Exercise directions
Look through the listing below and write out exactly the lines from the line with "Versie 5.16.0 van" to the line with "Zestaw dla smakoszy.", both included, and no others.
*** Opening of Supplied records ***
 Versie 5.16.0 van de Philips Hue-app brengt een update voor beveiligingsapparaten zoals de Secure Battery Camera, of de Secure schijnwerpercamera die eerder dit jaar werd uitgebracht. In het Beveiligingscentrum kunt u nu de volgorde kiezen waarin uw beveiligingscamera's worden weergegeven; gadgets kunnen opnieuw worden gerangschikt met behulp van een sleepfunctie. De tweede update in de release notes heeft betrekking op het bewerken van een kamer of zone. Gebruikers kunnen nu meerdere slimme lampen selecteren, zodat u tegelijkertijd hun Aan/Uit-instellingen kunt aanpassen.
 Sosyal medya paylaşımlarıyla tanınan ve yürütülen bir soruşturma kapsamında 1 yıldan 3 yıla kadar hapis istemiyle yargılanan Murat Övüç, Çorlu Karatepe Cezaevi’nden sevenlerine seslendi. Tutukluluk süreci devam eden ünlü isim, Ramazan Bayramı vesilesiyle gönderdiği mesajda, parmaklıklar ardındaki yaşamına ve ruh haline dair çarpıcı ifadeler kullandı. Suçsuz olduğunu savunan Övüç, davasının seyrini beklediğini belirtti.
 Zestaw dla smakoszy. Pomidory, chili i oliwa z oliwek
*** Close of Supplied records ***
*** Opening of Supplied records ***
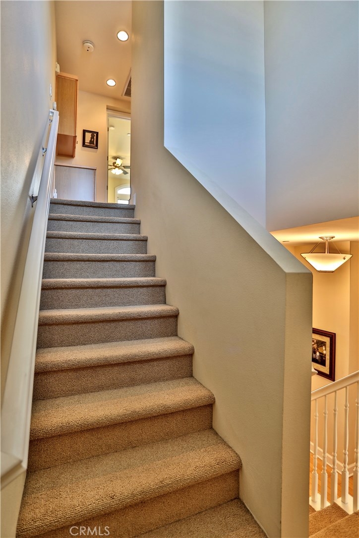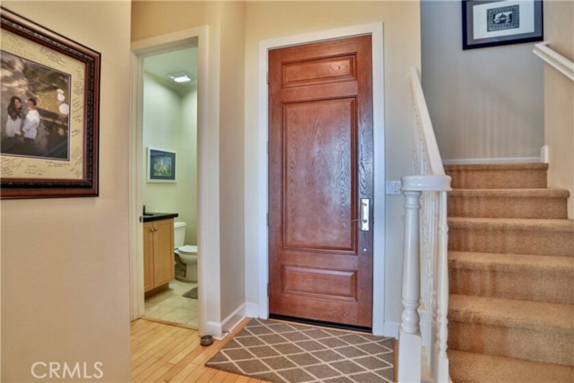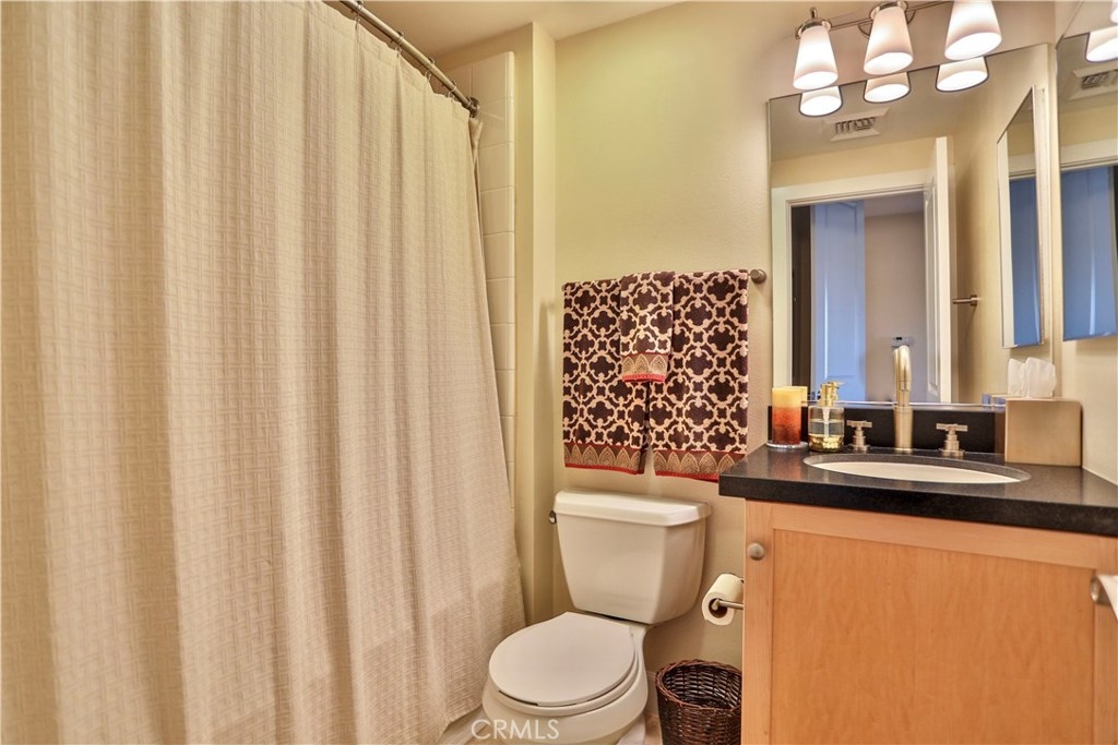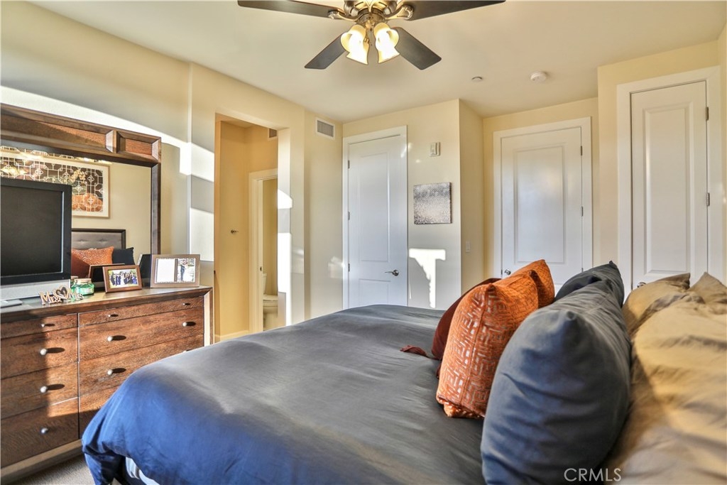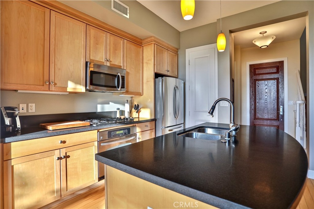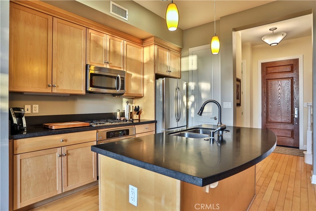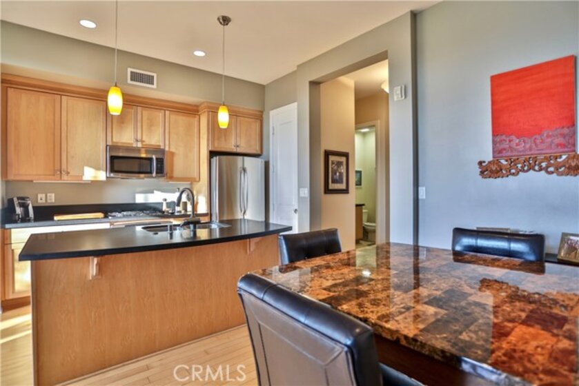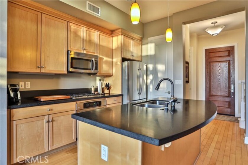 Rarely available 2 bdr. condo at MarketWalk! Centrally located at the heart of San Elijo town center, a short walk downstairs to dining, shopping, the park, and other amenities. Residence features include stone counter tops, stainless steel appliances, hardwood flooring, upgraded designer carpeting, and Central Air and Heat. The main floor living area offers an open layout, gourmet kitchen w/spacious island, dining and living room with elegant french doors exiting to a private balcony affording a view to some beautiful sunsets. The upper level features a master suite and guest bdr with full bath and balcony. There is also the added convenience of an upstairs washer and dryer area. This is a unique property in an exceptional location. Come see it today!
*** Close of Supplied records ***
Written solution
 Versie 5.16.0 van de Philips Hue-app brengt een update voor beveiligingsapparaten zoals de Secure Battery Camera, of de Secure schijnwerpercamera die eerder dit jaar werd uitgebracht. In het Beveiligingscentrum kunt u nu de volgorde kiezen waarin uw beveiligingscamera's worden weergegeven; gadgets kunnen opnieuw worden gerangschikt met behulp van een sleepfunctie. De tweede update in de release notes heeft betrekking op het bewerken van een kamer of zone. Gebruikers kunnen nu meerdere slimme lampen selecteren, zodat u tegelijkertijd hun Aan/Uit-instellingen kunt aanpassen.
 Sosyal medya paylaşımlarıyla tanınan ve yürütülen bir soruşturma kapsamında 1 yıldan 3 yıla kadar hapis istemiyle yargılanan Murat Övüç, Çorlu Karatepe Cezaevi’nden sevenlerine seslendi. Tutukluluk süreci devam eden ünlü isim, Ramazan Bayramı vesilesiyle gönderdiği mesajda, parmaklıklar ardındaki yaşamına ve ruh haline dair çarpıcı ifadeler kullandı. Suçsuz olduğunu savunan Övüç, davasının seyrini beklediğini belirtti.
 Zestaw dla smakoszy. Pomidory, chili i oliwa z oliwek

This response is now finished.